_Task to complete:_ Your output should be the lines below from the one holding "유준상은 4일 대학로" through the one holding "En donde, es", transcribed exactly, with no pictures.

_The records:_
- - - - -

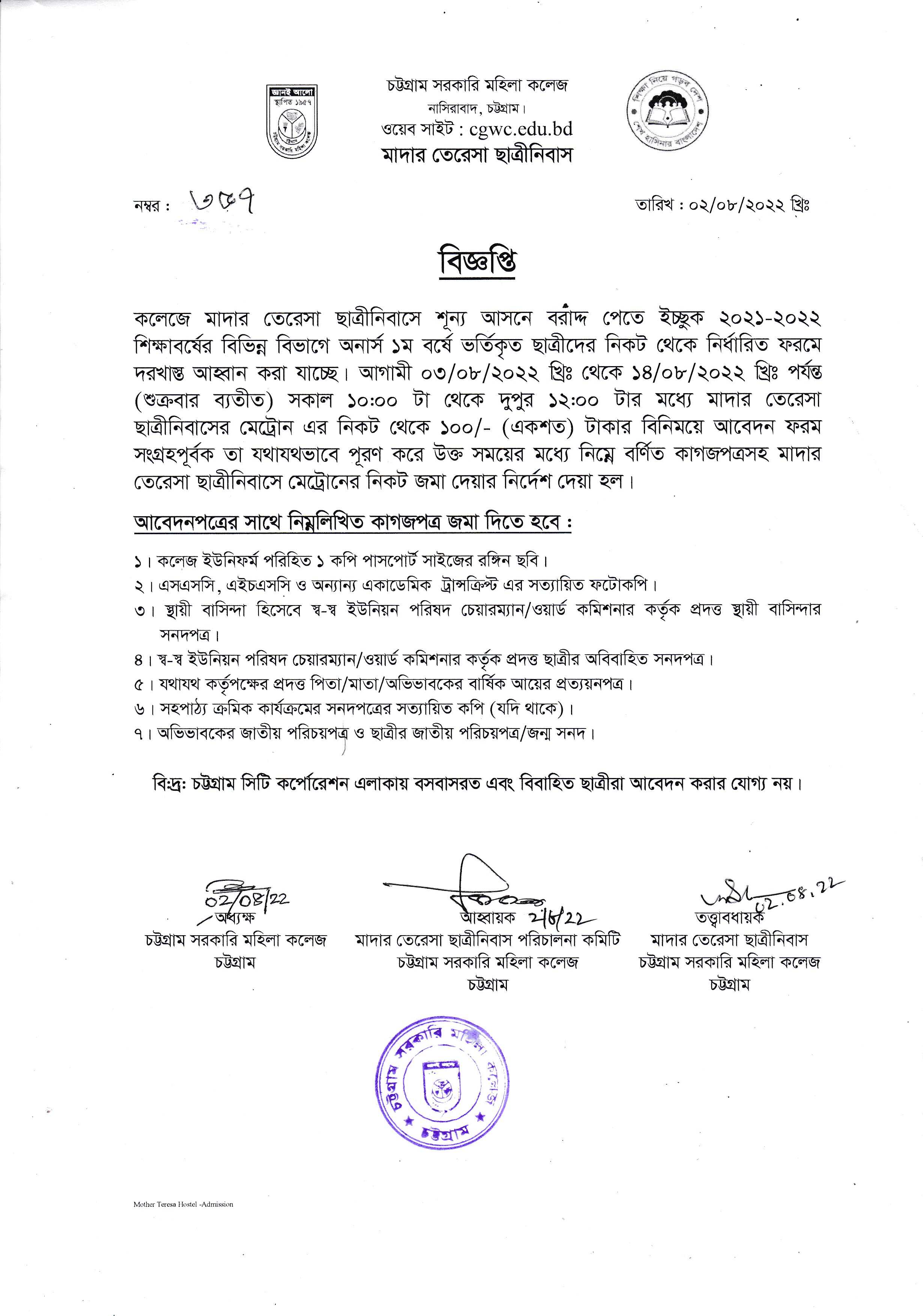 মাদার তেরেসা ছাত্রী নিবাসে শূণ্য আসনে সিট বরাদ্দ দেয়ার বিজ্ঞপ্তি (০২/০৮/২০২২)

- - - - -

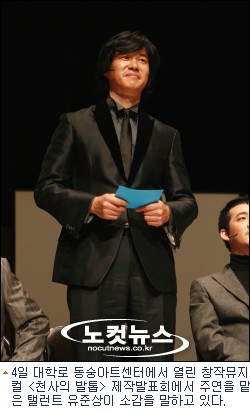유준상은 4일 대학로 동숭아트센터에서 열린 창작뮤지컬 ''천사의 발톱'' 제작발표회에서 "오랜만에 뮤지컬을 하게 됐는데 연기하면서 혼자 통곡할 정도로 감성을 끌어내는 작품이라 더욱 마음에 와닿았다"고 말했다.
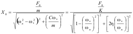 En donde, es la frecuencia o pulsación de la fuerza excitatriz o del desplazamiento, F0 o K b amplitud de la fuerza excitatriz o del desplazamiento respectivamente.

- - - - -

_Response to this task:_
유준상은 4일 대학로 동숭아트센터에서 열린 창작뮤지컬 ''천사의 발톱'' 제작발표회에서 "오랜만에 뮤지컬을 하게 됐는데 연기하면서 혼자 통곡할 정도로 감성을 끌어내는 작품이라 더욱 마음에 와닿았다"고 말했다.
 En donde, es la frecuencia o pulsación de la fuerza excitatriz o del desplazamiento, F0 o K b amplitud de la fuerza excitatriz o del desplazamiento respectivamente.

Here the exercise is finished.